Giordana, 'cinema in decadenza ma periodo oscuro passerà'

(ANSA) - TRIESTE, 17 LUG - "Il mondo del cinema lo vedo molto in decadenza, ma so anche che, come avrebbe detto Eduardo (De Filippo, ndr), 'la nuttata passa'. Quindi da un lato penso che non c'è limite al peggio, ma dall'altro penso anche che non c'è limite al meglio. E quindi spero, ma in qualche modo anche so che sarà così, che un periodo oscuro, ambiguo e opaco passerà, non può durare per sempre". Ne è convinto Marco Tullio Giordana, che domenica 19 luglio verrà insignito del Premio all'opera d'autore alla 45/a edizione del Premio Amidei per la sceneggiatura, a Gorizia fino al 22 luglio. "È un momento di crisi economica tale per cui non ci sono fondi, per nessuna attività produttiva - ha aggiunto Giordana - quindi non voglio lamentarmi di quello che manca al cinema in un momento in cui mancano soldi a tutti, ad attività ugualmente indispensabili. Io, naturalmente, penso che il cinema sia indispensabile. So però che lo è la sanità, l'industria, l'agricoltura: tutto ciò che aiuta lo sviluppo è indispensabile al progresso di un paese. Bisognerebbe avere dei governanti molto illuminati però, non soltanto preoccupati di essere rieletti e basta". Regista e sceneggiatore di opere come "Pasolini, un delitto italiano" e "I cento passi", Giordana, nel commentare il riconoscimento, ha sottolineato "l'importanza dello scrivere, prima ancora della regia vera e propria", condividendo il suo pensiero sull'utilizzo dell' intelligenza artificiale: "Io penso che la vera intelligenza non possa essere artificiale e che, per imparare a scrivere, bisogna soprattutto leggere molto - ha dichiarato - l'IA, siccome nasce sempre a posteriori di qualcosa, cerca di immagazzinare, di trovare una ratio in tutto ciò che è già stato scritto, perciò non verrà mai fuori niente di nuovo. È una di quelle mode che passerà.
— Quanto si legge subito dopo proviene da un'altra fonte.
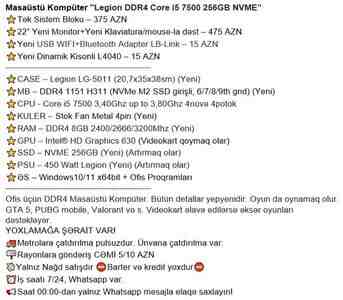 379 Azn UniSet Electronic _Etibarlı Masaüstü Kompüterlər Yalnız Bizdə_ _BiR KART 2-3-6-9-12-18-24 ay TAM KART TAKSITLE_ Satış Nağd və Köçürmə ilə Mümkündur Satış Mağazada Aparilır Model: Legion Cpu: intel i3-7th;8th Ram:
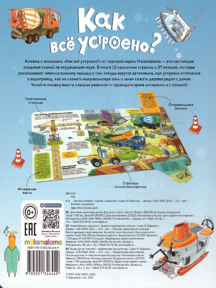 «Как всё устроено» из серии «Книжка с окошками» от торговой марки Malamalama — это книга об устройстве привычных вещей, с которыми мы сталкиваемся ежедневно. Она расскажет маленькому почемучке о том, как производят автомобили, как работает пылесос, для чего нужен маяк и откуда берётся тепло в батареях. Книга выполнена из мелованного картона и заполнена яркими, живыми иллюстрациями. Внутри окошек — интересные факты. Формат книги: 200х230 мм.
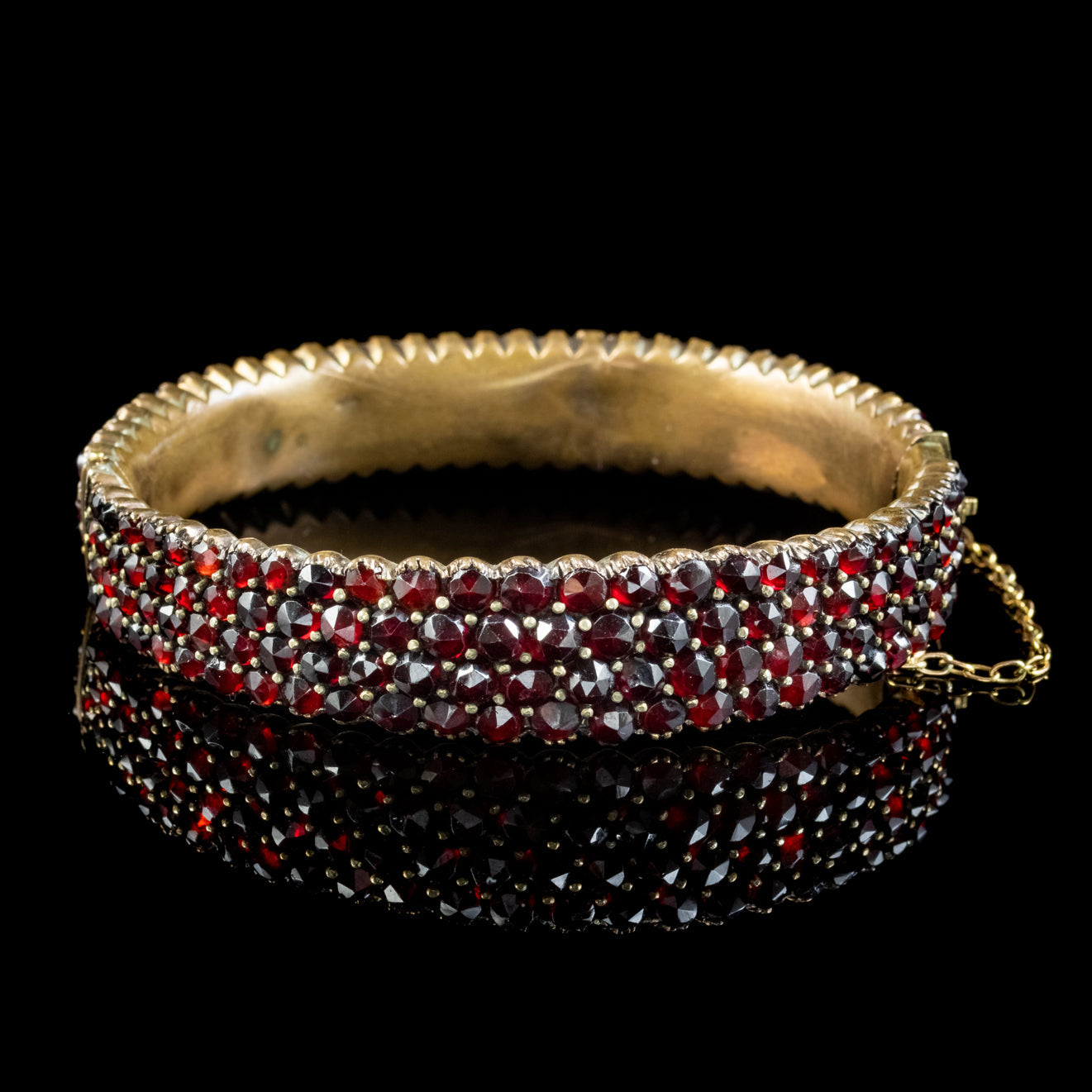 An exquisite Antique Victorian Bohemian Garnet bangle from the late 19th Century. The piece is pave set with four rows of glistening rose cut Bohemian Garnets which surround the entire band and glow with a vibrant hue.
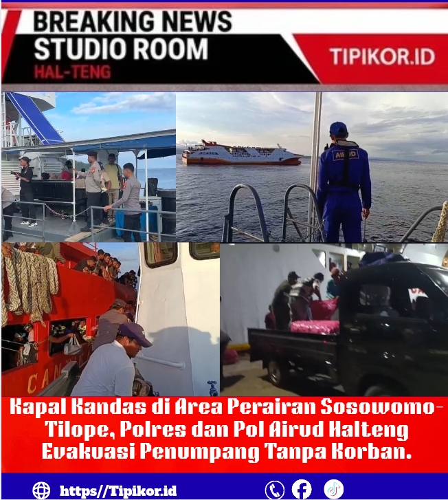 HALTENG, PERS TIPIKOR.ID — Kapal Motor (KM) Cantika 9C dilaporkan kandas di perairan antara Desa Sosowomo dan Tilope, tepatnya di area Rep Payung, Pada 11/12/2025, sekira pukul 06.00 WIT pagi tadi. Insiden tersebut membuat kapal tidak dapat melanjutkan perjalanan, sementara puluhan penumpang menunggu proses evakuasi di atas kapal.
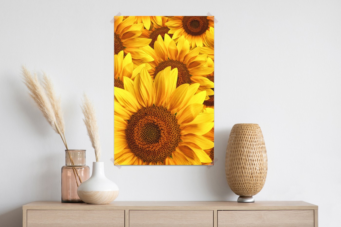 Bringen Sie Wärme und Freude in jeden Raum mit dieser Nahaufnahme lebendiger Sonnenblumen, die einen fröhlichen, naturinspirierten Blickfang schaffen.MehrWeniger
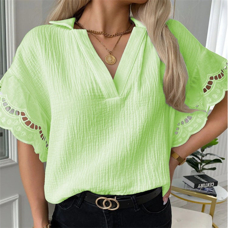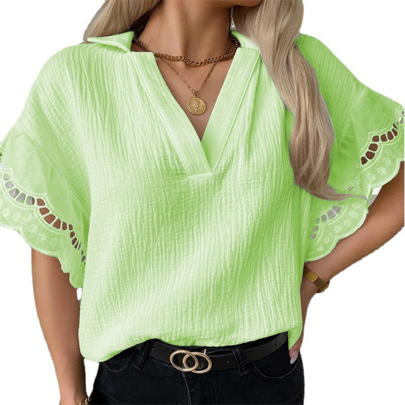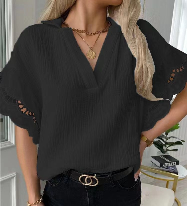वी-नेक बिलोवी लेस स्लीव्स कॉलर्ड ब्लाउज

Naturalmente sarò smentito e farò la figura del vecchio rimbambito, però la penso così". Infine, Giordana ha ribadito l'importanza del Premio Amidei nel "mettere al giusto posto la sceneggiatura" e ha voluto lanciare un appello alle "nuove leve": "Ai giovani cineasti dico di leggere tutto quello che può alimentare la curiosità, di guardare più film possibili, di studiare bene il proprio progetto nei minimi particolari e di non lasciarsi mai prendere alla sprovvista - ha concluso - e, anche, di avere la libertà di tradirlo durante le riprese e di tradirlo un'altra volta durante il montaggio" ha concluso. (ANSA).